Por Kamille Viola, do Rio

Nascido no dia 31 de agosto de 1919 em Alagoa Grande, na Paraíba, Jackson do Pandeiro conquistou o país com a originalidade de sua música, ganhando o epíteto de Rei do Ritmo e influenciando gerações de artistas, da Tropicália à turma responsável pelo renascimento do samba na Lapa, no Rio de Janeiro. Considerado um dos nomes fundamentais da música brasileira, o artista é celebrado com homenagens no ano de seu centenário, incluindo um documentário e reedições de discos.

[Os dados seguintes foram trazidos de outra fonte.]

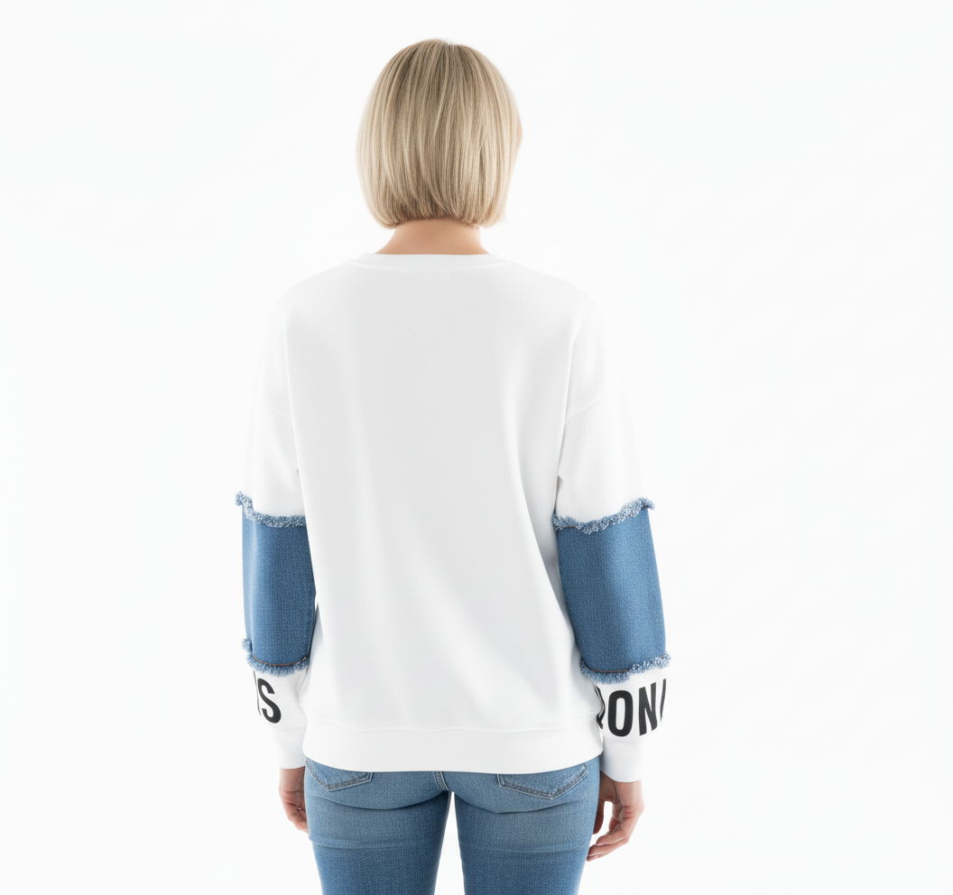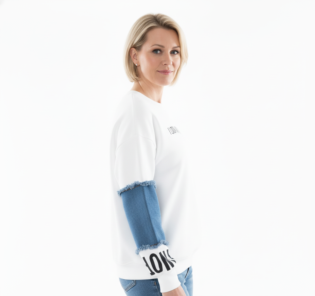 Witte dames sweater met denim mouwen & tekstprint – Oversized fit

Na Paraíba, foi decretado Ano Jackson do Pandeiro, com diversos eventos. Além de shows por todo o país, o ano conta com o lançamento do documentário “Jackson — da Batida do Pandeiro”, dos paraibanos Marcus Vilar e Cacá Teixeira, previsto para ser lançado após o Festival de Brasília (para o qual há expectativa de que seja selecionado). Entre os entrevistados, a segunda mulher de Jackson, a cantora Almira (de quem foi parceiro musical), que ainda estava viva quando o filme começou a ser feito, Gilberto Gil, Hermeto Pascoal, Alceu Valença, Lenine e Pedro Luís, entre outros.

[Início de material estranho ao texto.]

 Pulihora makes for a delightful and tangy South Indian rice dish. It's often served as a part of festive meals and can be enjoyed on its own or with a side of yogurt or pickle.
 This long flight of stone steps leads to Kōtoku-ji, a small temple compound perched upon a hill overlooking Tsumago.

Teixeira defende que Jackson é uma pessoa conhecida, mas não reconhecida. “O talento dele é reconhecido por gênios da música brasileira como Hermeto Pascoal, da galera mais nova o Lenine, o Pedro Luís, esse pessoal que continua respirando nessa fonte que é Jackson. Silvério Pessoa deu um depoimento, que acabou não entrando no filme, em que ele compara Jackson a Lou Reed. Porque não era um cara que tinha um estilo, não era preso a determinada temática: enveredava por vários ritmos. Ele apressou o compasso do frevo, fez samba no Rio de Janeiro, ganhou festivais de samba, de marcha, foi para a umbanda e outras religiões por conta da sonoridade que existia ali. Um cara que foi alfabetizado ao 35 anos de idade”, analisa.

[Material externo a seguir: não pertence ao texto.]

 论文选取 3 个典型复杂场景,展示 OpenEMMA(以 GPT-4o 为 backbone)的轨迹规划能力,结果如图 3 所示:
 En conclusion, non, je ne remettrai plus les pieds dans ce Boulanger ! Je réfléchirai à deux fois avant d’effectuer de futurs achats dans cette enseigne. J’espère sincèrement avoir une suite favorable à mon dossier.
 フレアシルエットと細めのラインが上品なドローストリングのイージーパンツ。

O cantor e compositor Moyseis Marques conta que a fusão do samba com o forró feita pelo artista o influenciou muito. “Jackson era um paraibano que veio para o Rio de Janeiro cantando coco, cantando daquele jeito que os americanos chamariam de loose: completamente fora do ritmo. Dizem que existem duas escolas de canto popular no Brasil: uma se chama João Gilberto, a outra se chama Jackson do Pandeiro. Cada um dentro da sua esfera, cada um dentro do seu quadrado, mas com essa liberdade do canto popular”, comenta Marques. No sábado (31), ele se apresenta em um tributo ao paraibano no Circo Voador, no Rio de Janeiro, ao lado de Alfredo Del-Penho, João Cavalcanti e Pedro Miranda, com participação de João Bosco.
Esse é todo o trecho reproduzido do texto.